To simulate the base rock support in the test without a base cavity, springs are placed under the specimen to simulate the support of the tunnel bottom structure. In total 10 × 3 springs are arranged in the area of 300 mm × 80 mm at the bottom of the specimen, shown in Figure 4. The static stiffness of the spring is 400 kN/m according to the mechanical properties of the surrounding rock (GB/T 50081 2002, 2003).

FIGURE 4

FIGURE 4. Test without base cavity. (A) test devices; (B) Loading position and support.

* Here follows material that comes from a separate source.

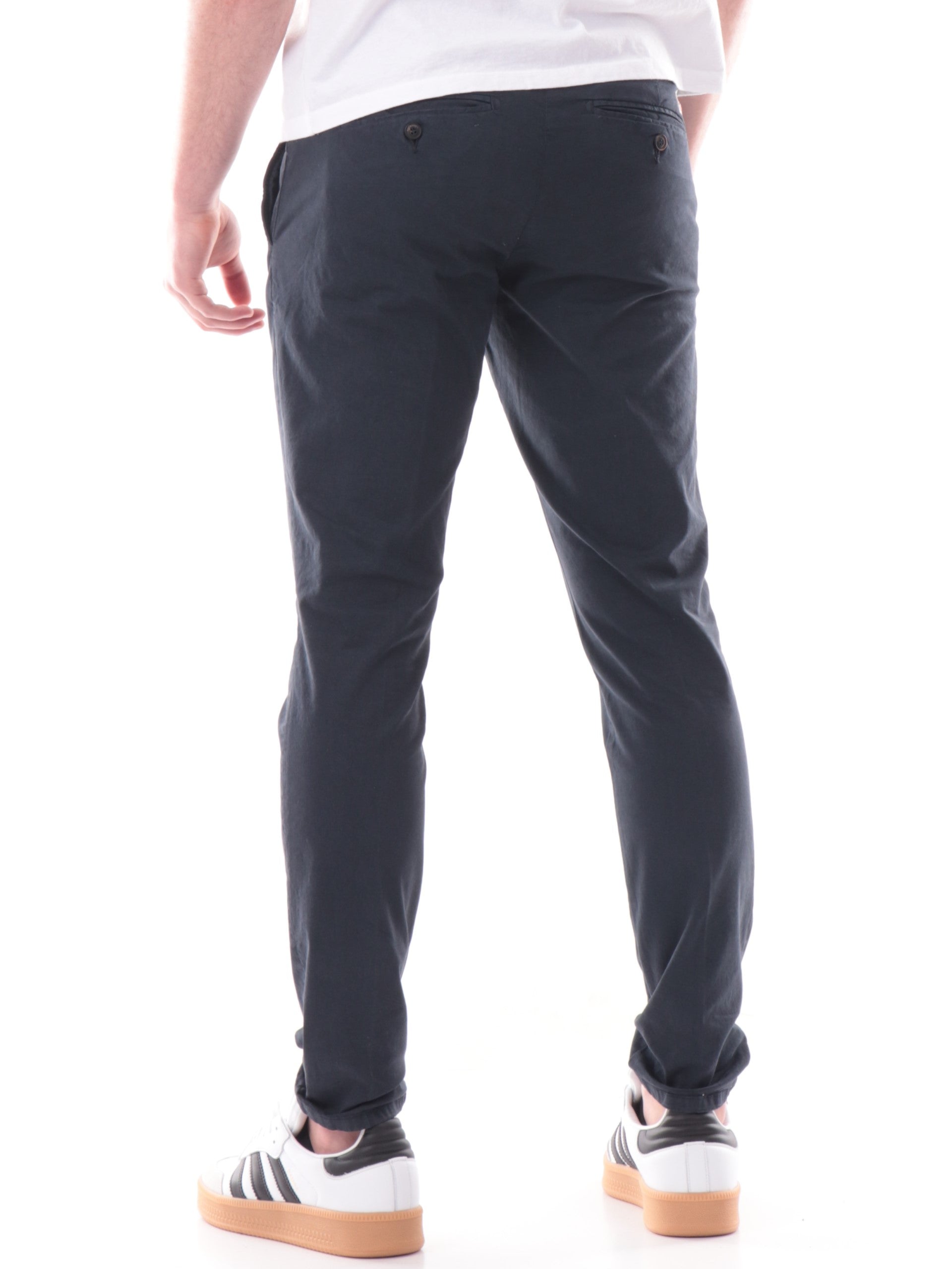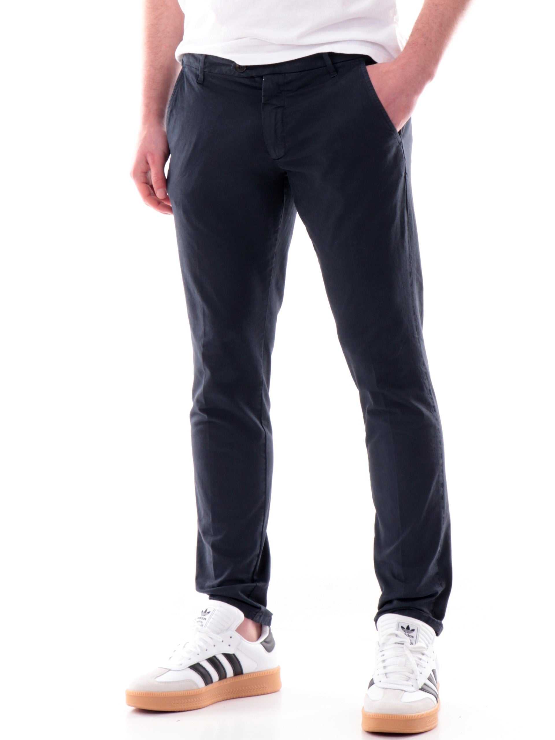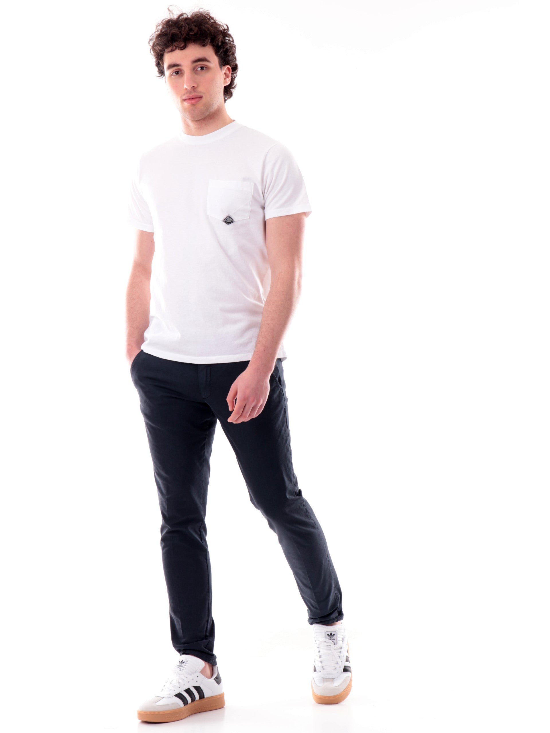 Pantaloni Roy Rogers blu New Rolf chino. Questi pantaloni uomo Roy Rogers blu sono caratterizzati da un morbido tessuto in cotone elasticizzato che dona a questi pantaloni Chino il massimo della comodità e comfort. Questi pantaloni sono caratterizzati da tasche oblique, modello chino e vestibilità slim fit.

Standard bending specimens and supporting board (GB/T 50081 2002, 2003) are adopted in the tests. The specimen size: 100 mm × 100 mm × 400 mm (length × width × thick). The supporting board size: 400 mm × 150 mm × 12 mm (length × width × thick), the span between the 2 supports: 300 mm. The diameter of the steel rod is 22 mm, and the length is 120 mm (Figure 4A).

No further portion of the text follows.